**Information provided:**
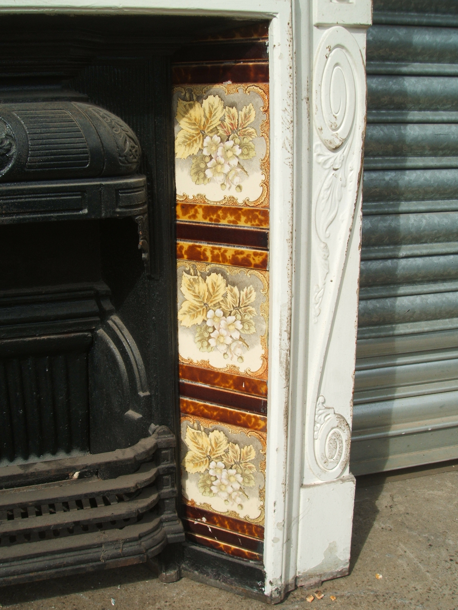 An original antique Victorian cast iron combination fireplace complete with original floral printed and majolica set of tiles. SOLD
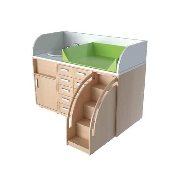 Wickelkommodenlandschaft 5 besteht aus Treppe, Wickelkommode mit 10 Schubladen, Badewannen- oder Waschbeckenschrank mit Wanne (oder Becken) und durchgehender Arbeitsplatte; inklusive Armatur und Wickelauflage.
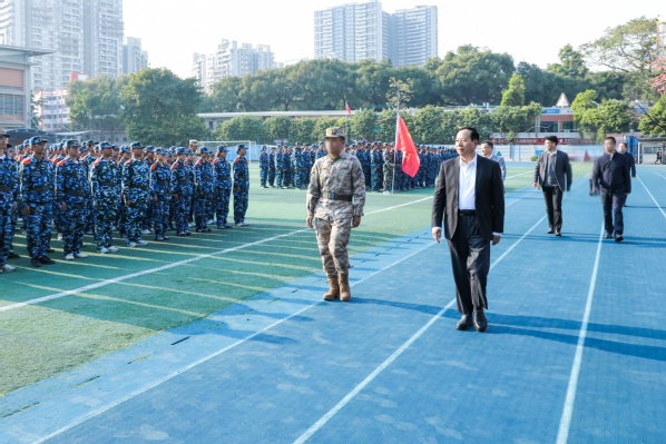 学校党委办公室(学校办公室)、党委宣传部、学生工作部(处)、保卫部(处)、大学城校区管委会办公室,广州国际校区综合事务办公室、学生事务办公室等相关单位负责人,以及各参训学院、书院负责人一同参加检阅。

**Work to complete:**
In the data above, find the line containing "Wickelkommodenlandschaft 5 besteht"; from there, please write out each line through the end, exactly, with the pictures omitted.

**Result of the task:**
 Wickelkommodenlandschaft 5 besteht aus Treppe, Wickelkommode mit 10 Schubladen, Badewannen- oder Waschbeckenschrank mit Wanne (oder Becken) und durchgehender Arbeitsplatte; inklusive Armatur und Wickelauflage.
 学校党委办公室(学校办公室)、党委宣传部、学生工作部(处)、保卫部(处)、大学城校区管委会办公室,广州国际校区综合事务办公室、学生事务办公室等相关单位负责人,以及各参训学院、书院负责人一同参加检阅。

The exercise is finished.